A former assistant coach at Boise State, Wilcox may be out of San Jose State’s price range (he is believed to be making around $800,000 a year at UW) but an inquiry wouldn’t hurt. Wilcox is considered a hot commodity in coaching circles and believed to be looking to make the jump to a head coaching position at some point, having already served as a defensive coordinator at Boise, Tennessee and currently for the Huskies. He would probably make a great short-term hire and continue the Spartans’ momentum past 2012, but almost assuredly would leave the Spartans with another coaching search a few years down the line after more Pac-12 or SEC schools start their next round of firings.

5. Tyrone Willingham

Sure, another coach who basically tanked at Pac-12 program (Washington) but he also had success at college football’s highest level. While he had a decent run at Notre Dame before one of the more controversial firings in recent memory, Willingham had the most wins at Stanford since John Ralston (44) and took them to the Rose Bowl in 1999, a feat even Jim Harbaugh couldn’t match while on The Farm. Based off his last coaching stint, you could conclude that he’s well past his prime. But Willingham has already found success coaching in the South Bay, and still resides there, meaning if interested he would probably be in it for the longhaul.

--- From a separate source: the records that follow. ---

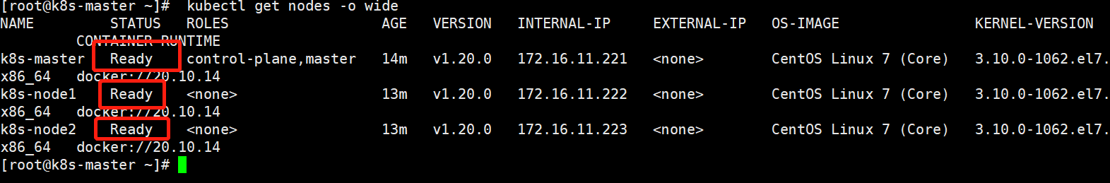 kubectl get nodes -o wideSTATUS 状态为Ready则连接成功。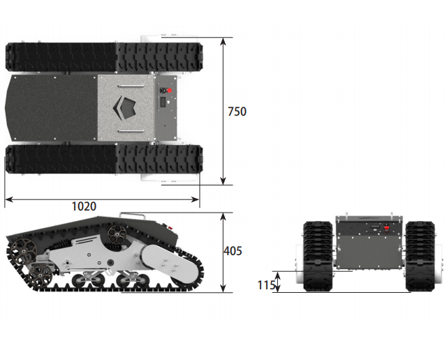 底盘设计注重低重心和通过性,尺寸为1020×750×405mm,自重120kg,离地高度115mm,最大跨越高度小于300mm,最大爬坡角度可达30°。履带采用优质橡胶内嵌天然纤维材质,主体结构使用不锈钢304、合金钢板、镀锌管和铝材组合,表面经过黑色喷塑磨砂处理,不仅耐用且具备IP54防护等级(可升级至IP64)。运行速度范围为0-6km/h,最大载重100kg,内仓尺寸320×240×600mm(不含电池),便于集成各种设备。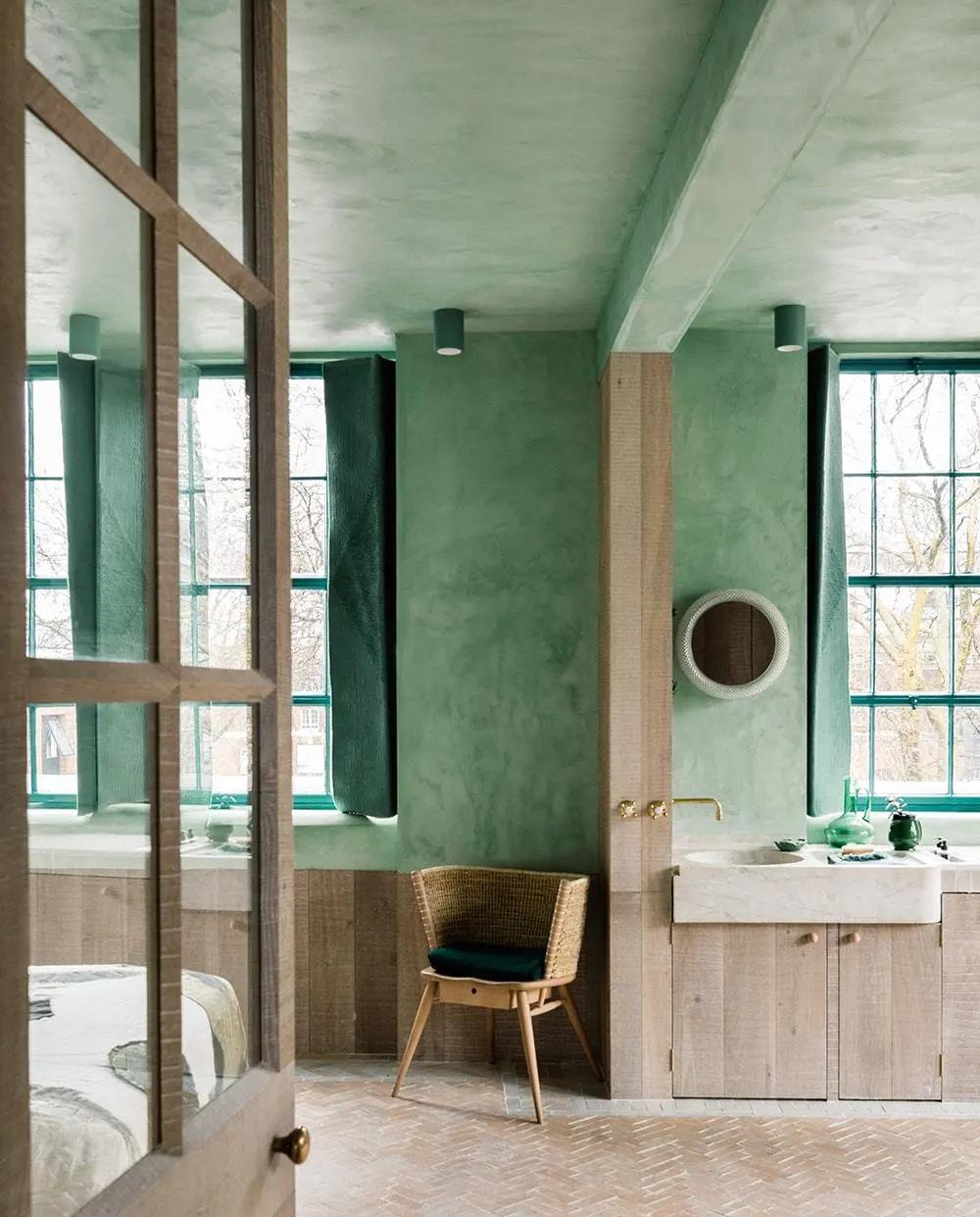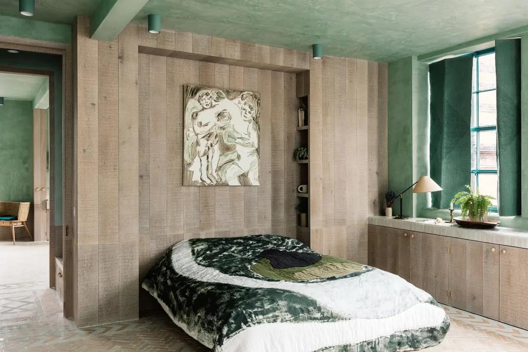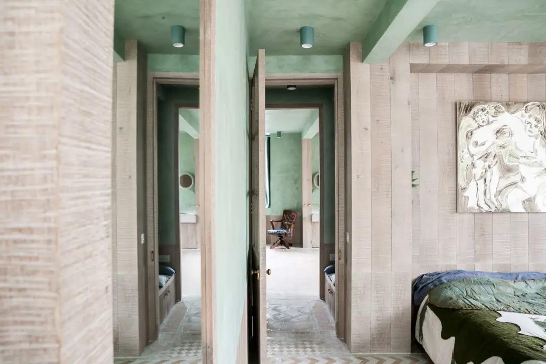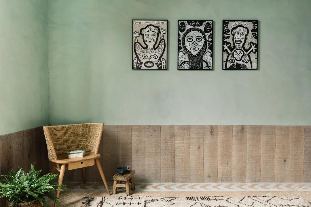 The Barcelona couple defined their home as an open oasis. With the combination of verdant tones and natural textures, the lime plaster walls, linen shutters, lime oak wood brushing and other details complement each other. WIPESTAIN original imported art paints bring this home A unique romance.

6. Pat Hill, former Fresno State coach

Hill probably wouldn’t be high on most fans list, and not just because he’s the former head man of the rival Bulldogs. After 15 years in Fresno, his stint there produced plenty of wins but only one conference championship, as Hill was never able to best Boise State once they rose to prominence. In fact, it was Boise State that spoiled Fresno State’s attempts at being the first ever BCS-buster in 2001, when the Broncos rolled into Bulldog Stadium and defeated then #8 Fresno State. While Hill had just a 4-7 record in bowl games, he also recorded 17 wins over BCS-conference opponents. At 60 years of age and currently on the Atlanta Falcons’ coaching staff, he would probably make a good long term fit, though if Hill wants to surpass the success he had in Fresno he would be better off dropping his “anyone, anywhere, anytime” mantra that often left his Bulldog squads broken and beaten late in the season.